▶ What the task asks:
Please set down every line of the records below exactly, without the pictures.
------ Extracted data ------
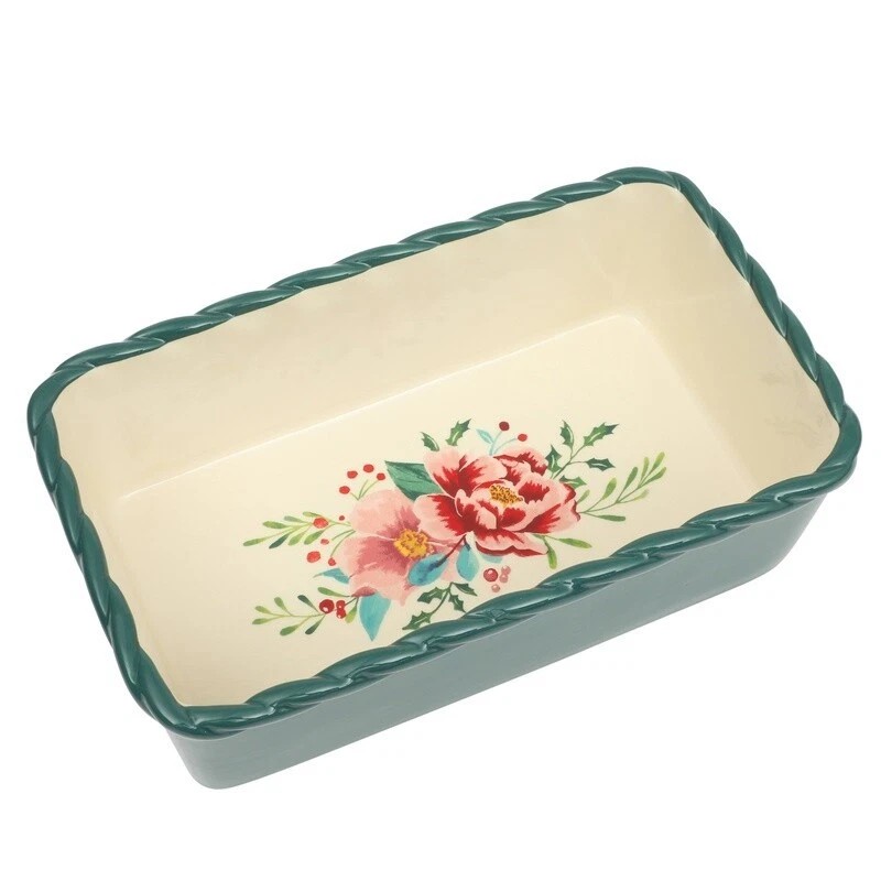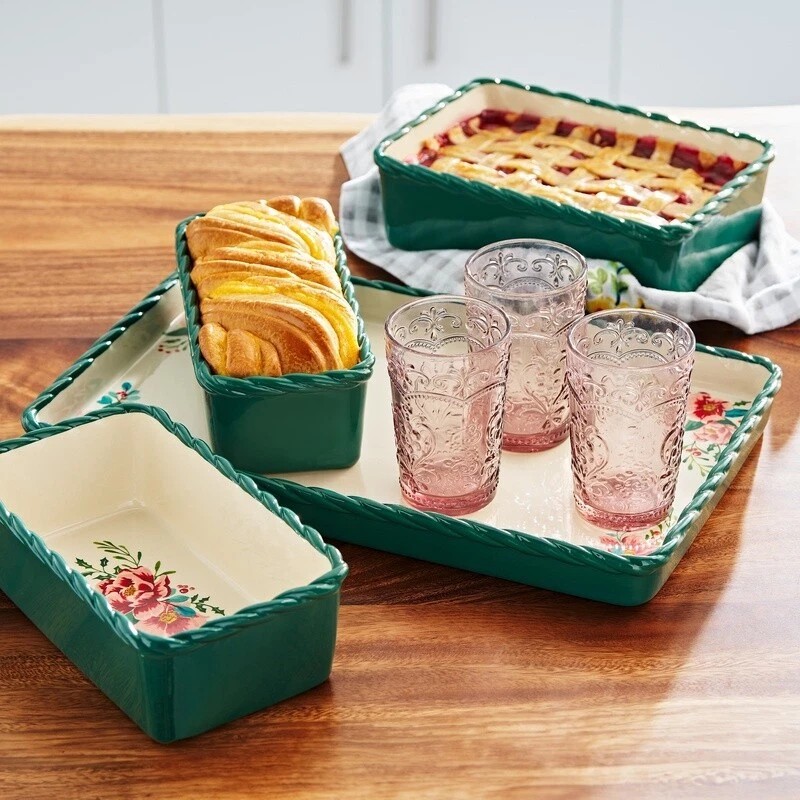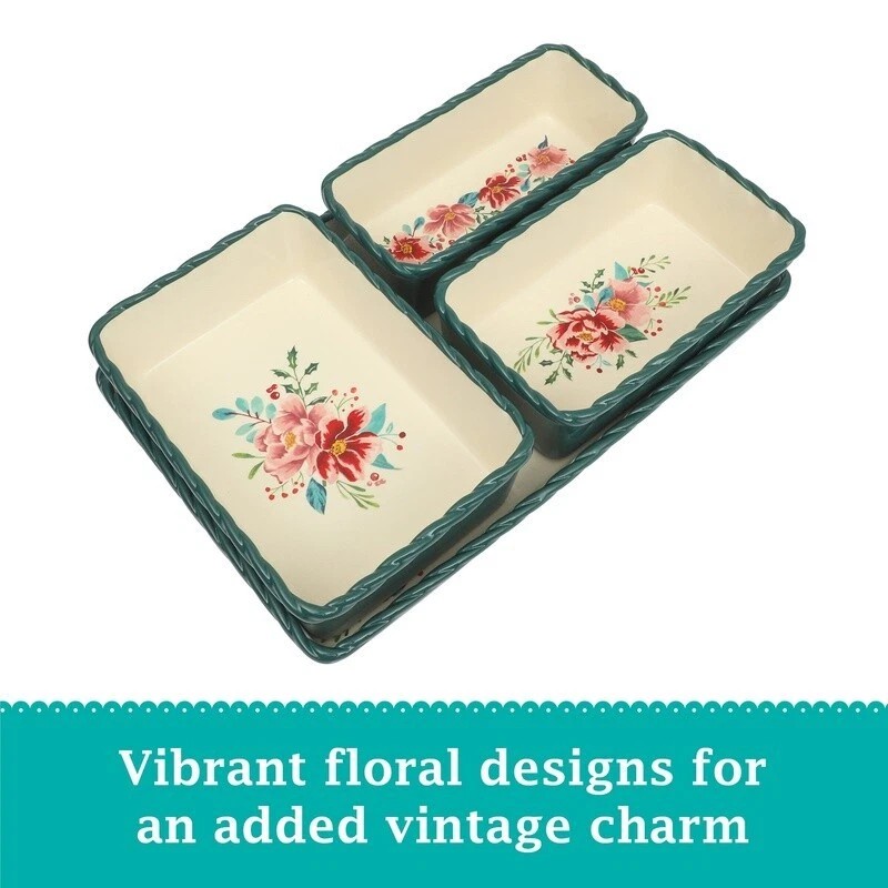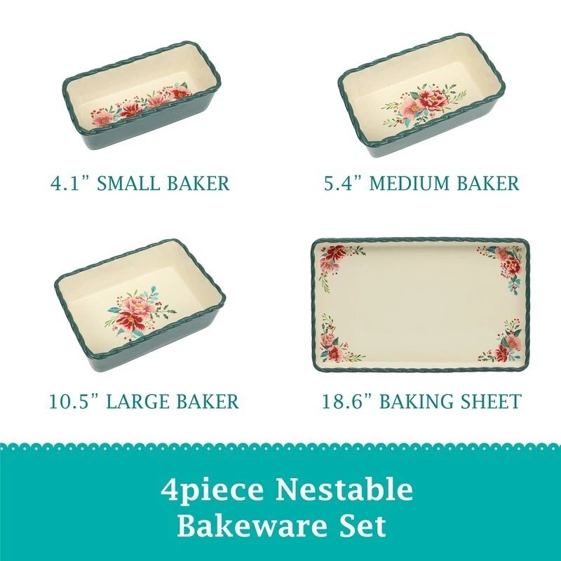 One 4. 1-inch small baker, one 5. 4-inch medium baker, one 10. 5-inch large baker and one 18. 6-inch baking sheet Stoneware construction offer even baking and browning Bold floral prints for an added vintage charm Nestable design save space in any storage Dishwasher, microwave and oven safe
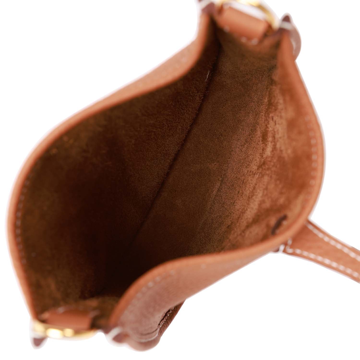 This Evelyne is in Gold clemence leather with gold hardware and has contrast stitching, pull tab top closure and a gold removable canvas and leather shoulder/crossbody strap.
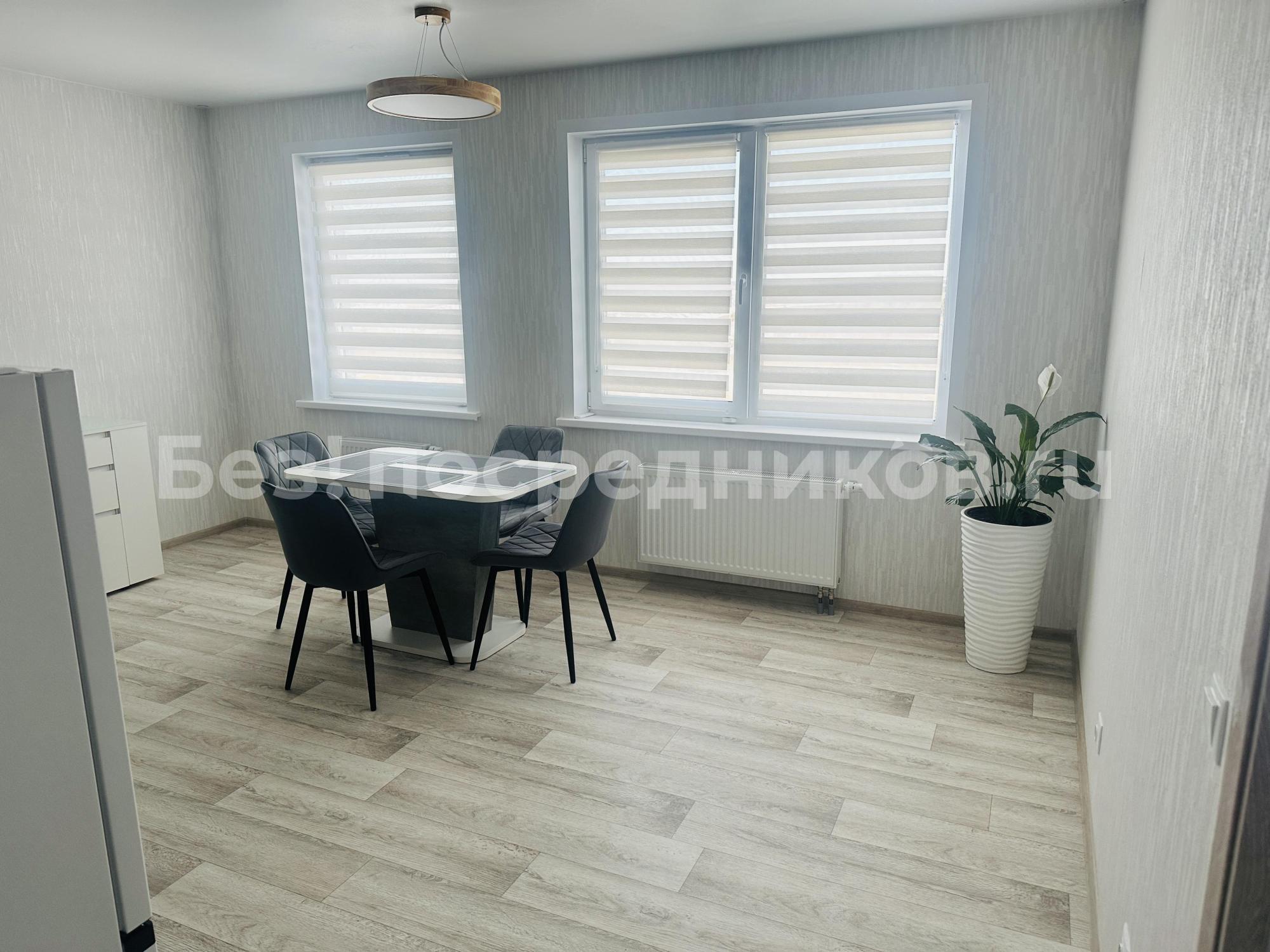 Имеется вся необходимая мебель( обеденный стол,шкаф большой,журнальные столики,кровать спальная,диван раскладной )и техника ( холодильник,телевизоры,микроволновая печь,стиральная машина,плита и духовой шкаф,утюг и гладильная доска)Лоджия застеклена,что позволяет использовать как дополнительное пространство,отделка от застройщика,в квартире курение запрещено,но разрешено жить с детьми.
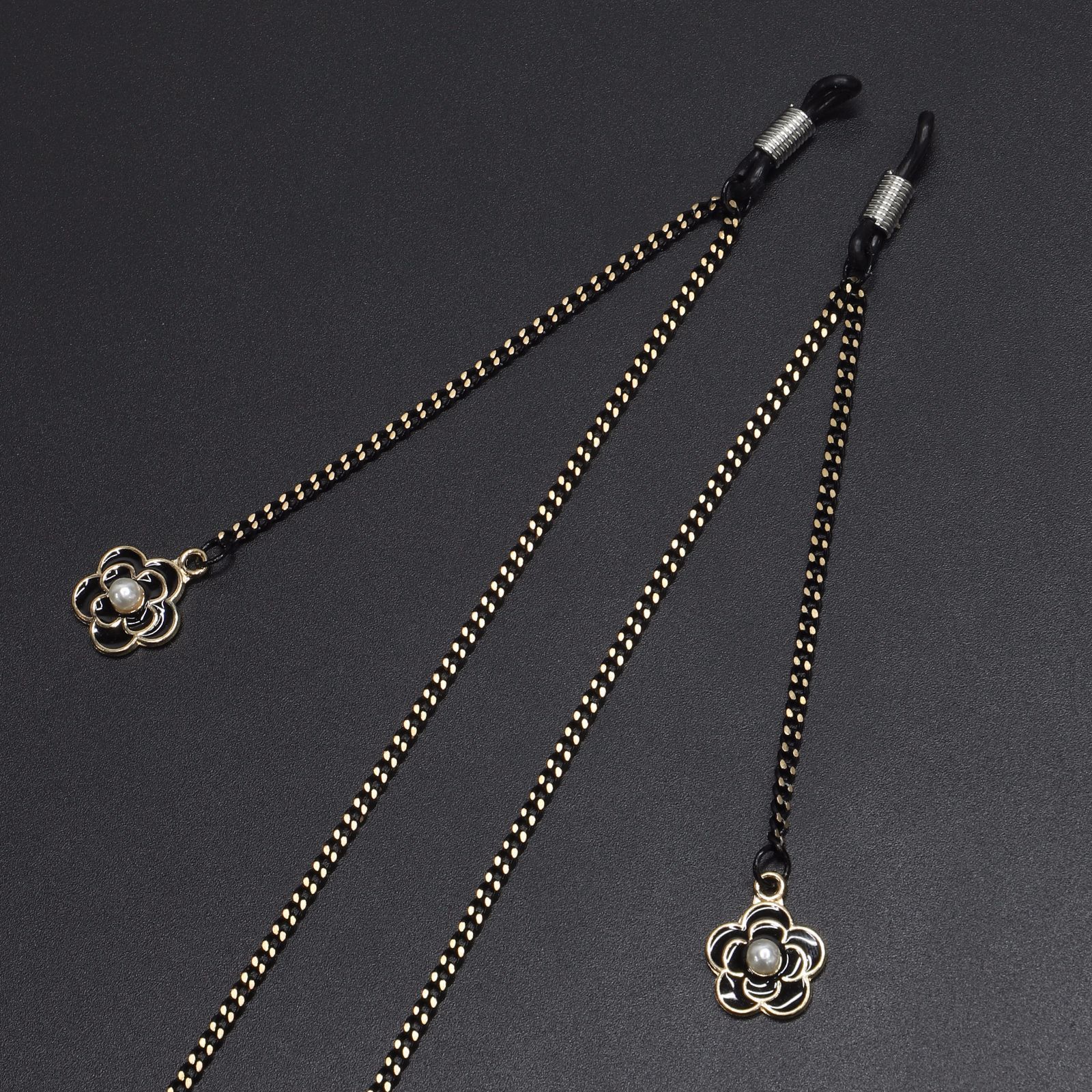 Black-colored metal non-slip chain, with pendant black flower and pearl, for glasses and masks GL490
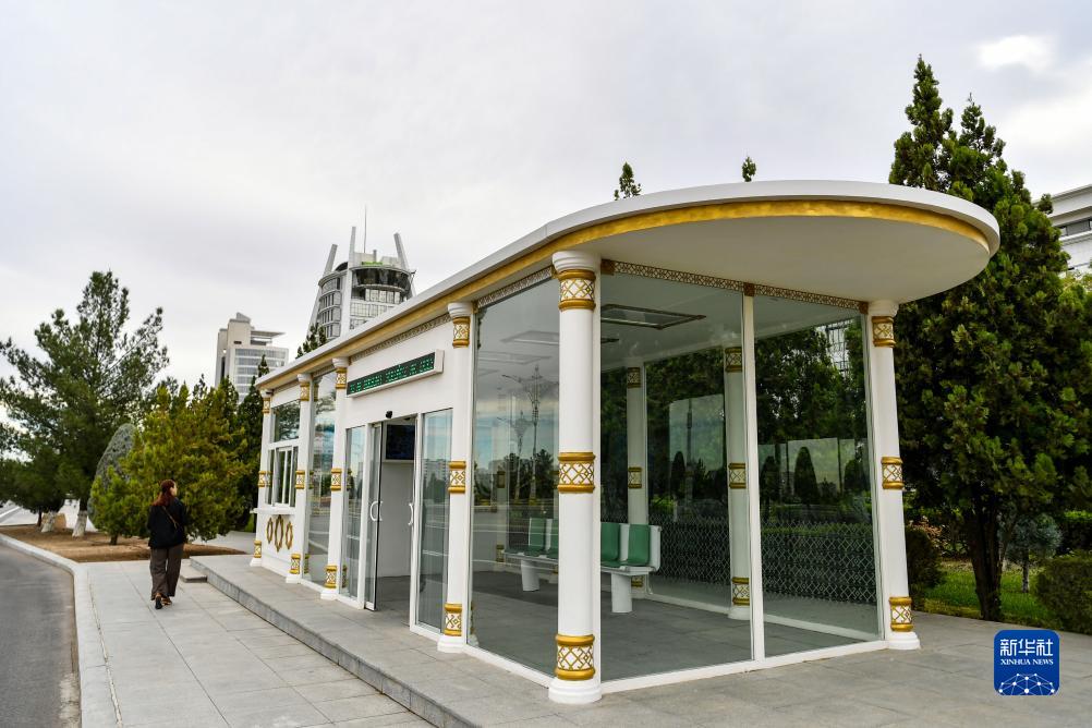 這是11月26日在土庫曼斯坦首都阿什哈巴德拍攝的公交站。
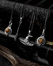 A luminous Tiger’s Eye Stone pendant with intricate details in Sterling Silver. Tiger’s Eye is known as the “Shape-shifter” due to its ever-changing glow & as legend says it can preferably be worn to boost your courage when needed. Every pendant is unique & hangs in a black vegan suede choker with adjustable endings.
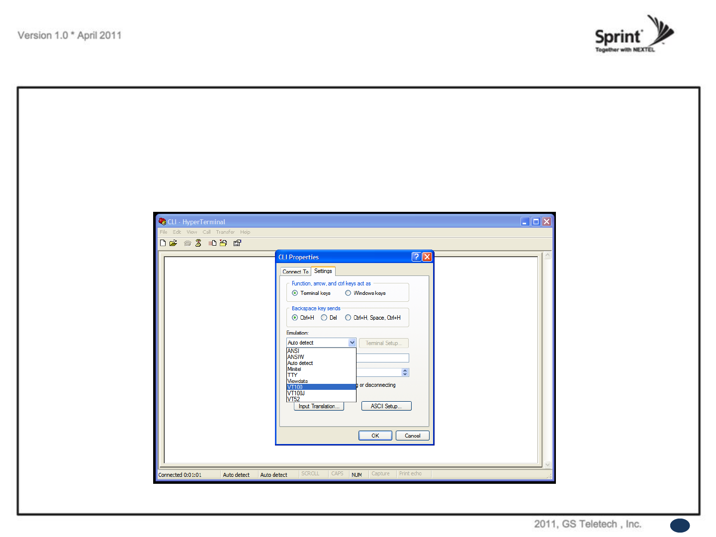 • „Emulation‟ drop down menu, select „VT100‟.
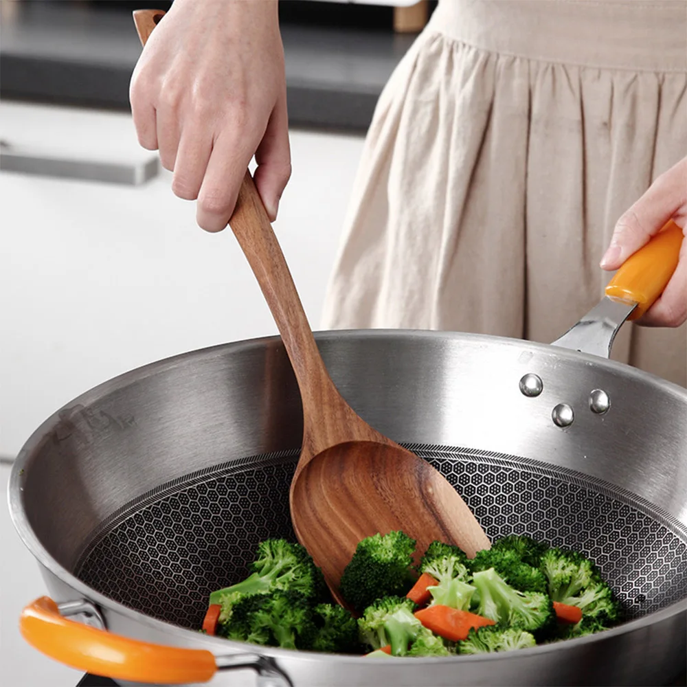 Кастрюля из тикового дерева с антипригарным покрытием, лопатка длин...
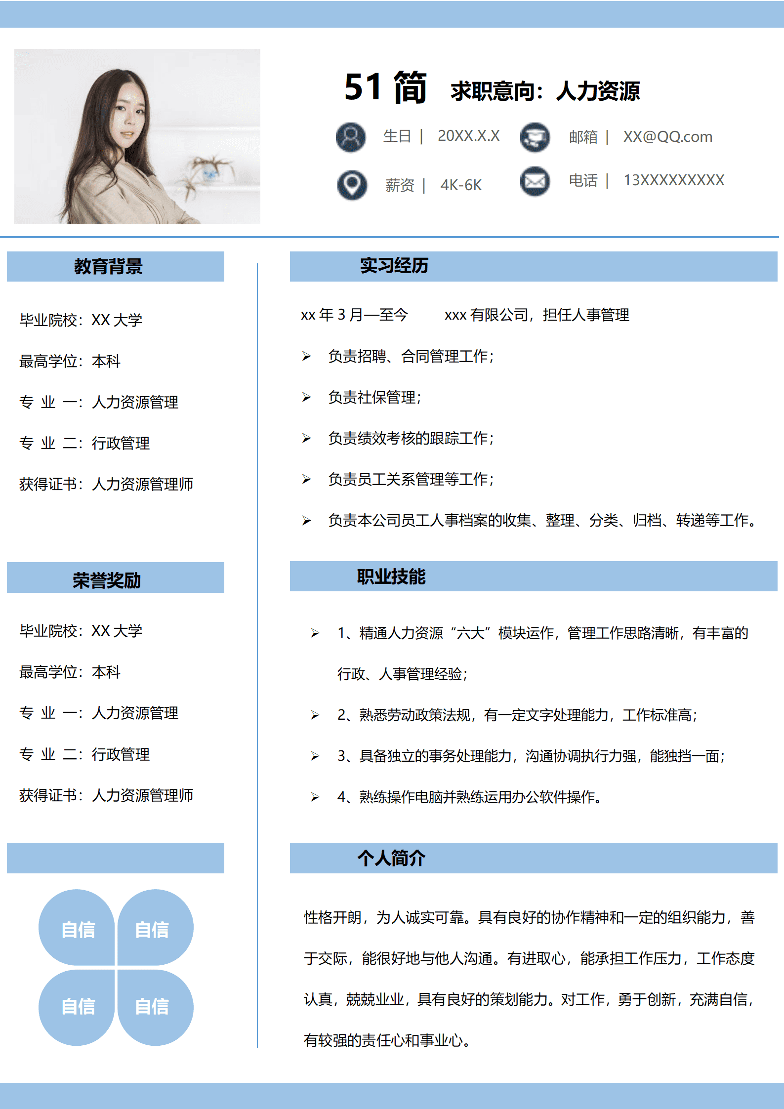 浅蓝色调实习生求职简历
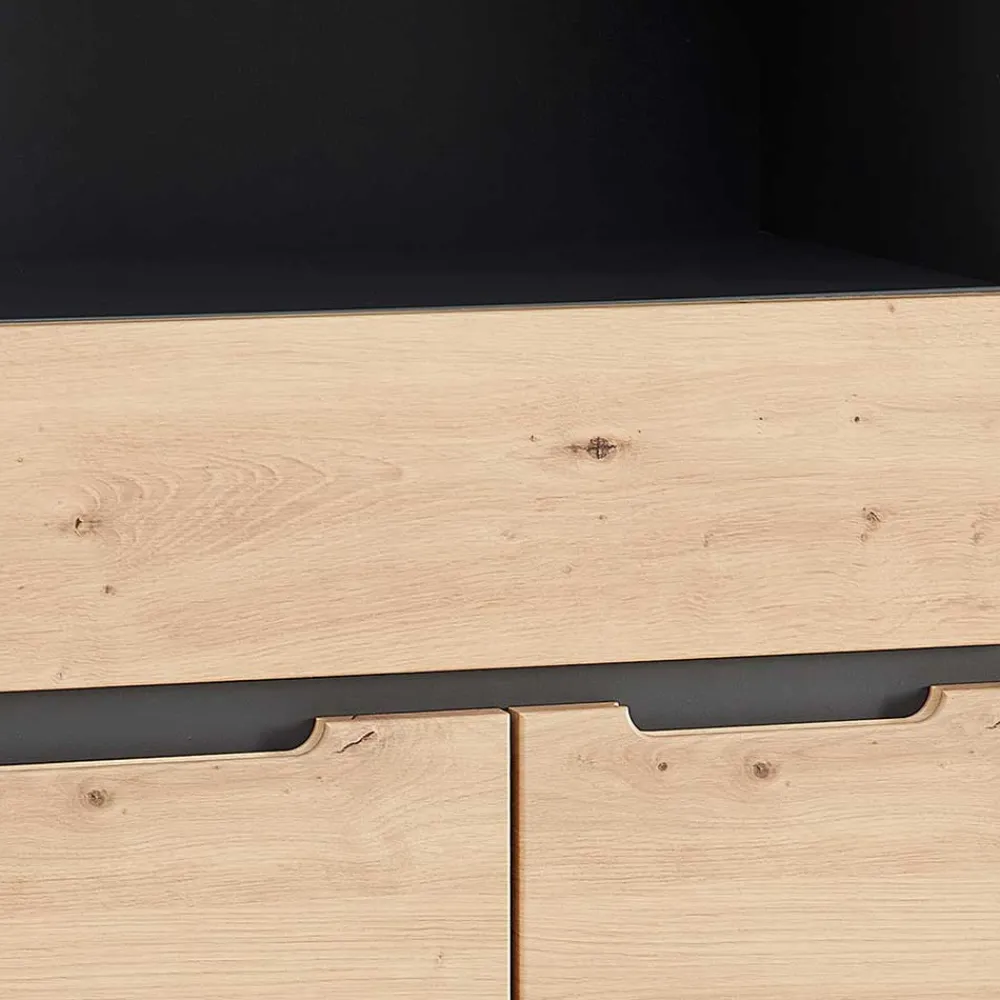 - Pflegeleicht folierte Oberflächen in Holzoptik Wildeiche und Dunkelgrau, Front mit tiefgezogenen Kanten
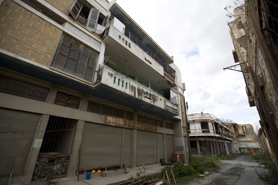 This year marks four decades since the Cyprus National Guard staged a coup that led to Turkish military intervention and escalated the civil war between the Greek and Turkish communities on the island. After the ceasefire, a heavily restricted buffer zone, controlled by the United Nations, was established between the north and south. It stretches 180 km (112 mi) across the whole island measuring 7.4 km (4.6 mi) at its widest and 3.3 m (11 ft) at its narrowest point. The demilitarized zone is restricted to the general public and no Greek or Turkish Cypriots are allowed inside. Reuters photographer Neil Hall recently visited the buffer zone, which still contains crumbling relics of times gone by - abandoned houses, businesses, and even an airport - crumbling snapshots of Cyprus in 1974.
------
▶ Reply to the task:
 One 4. 1-inch small baker, one 5. 4-inch medium baker, one 10. 5-inch large baker and one 18. 6-inch baking sheet Stoneware construction offer even baking and browning Bold floral prints for an added vintage charm Nestable design save space in any storage Dishwasher, microwave and oven safe
 This Evelyne is in Gold clemence leather with gold hardware and has contrast stitching, pull tab top closure and a gold removable canvas and leather shoulder/crossbody strap.
 Имеется вся необходимая мебель( обеденный стол,шкаф большой,журнальные столики,кровать спальная,диван раскладной )и техника ( холодильник,телевизоры,микроволновая печь,стиральная машина,плита и духовой шкаф,утюг и гладильная доска)Лоджия застеклена,что позволяет использовать как дополнительное пространство,отделка от застройщика,в квартире курение запрещено,но разрешено жить с детьми.
 Black-colored metal non-slip chain, with pendant black flower and pearl, for glasses and masks GL490
 這是11月26日在土庫曼斯坦首都阿什哈巴德拍攝的公交站。
 A luminous Tiger’s Eye Stone pendant with intricate details in Sterling Silver. Tiger’s Eye is known as the “Shape-shifter” due to its ever-changing glow & as legend says it can preferably be worn to boost your courage when needed. Every pendant is unique & hangs in a black vegan suede choker with adjustable endings.
 • „Emulation‟ drop down menu, select „VT100‟.
 Кастрюля из тикового дерева с антипригарным покрытием, лопатка длин...
 浅蓝色调实习生求职简历
 - Pflegeleicht folierte Oberflächen in Holzoptik Wildeiche und Dunkelgrau, Front mit tiefgezogenen Kanten
 This year marks four decades since the Cyprus National Guard staged a coup that led to Turkish military intervention and escalated the civil war between the Greek and Turkish communities on the island. After the ceasefire, a heavily restricted buffer zone, controlled by the United Nations, was established between the north and south. It stretches 180 km (112 mi) across the whole island measuring 7.4 km (4.6 mi) at its widest and 3.3 m (11 ft) at its narrowest point. The demilitarized zone is restricted to the general public and no Greek or Turkish Cypriots are allowed inside. Reuters photographer Neil Hall recently visited the buffer zone, which still contains crumbling relics of times gone by - abandoned houses, businesses, and even an airport - crumbling snapshots of Cyprus in 1974.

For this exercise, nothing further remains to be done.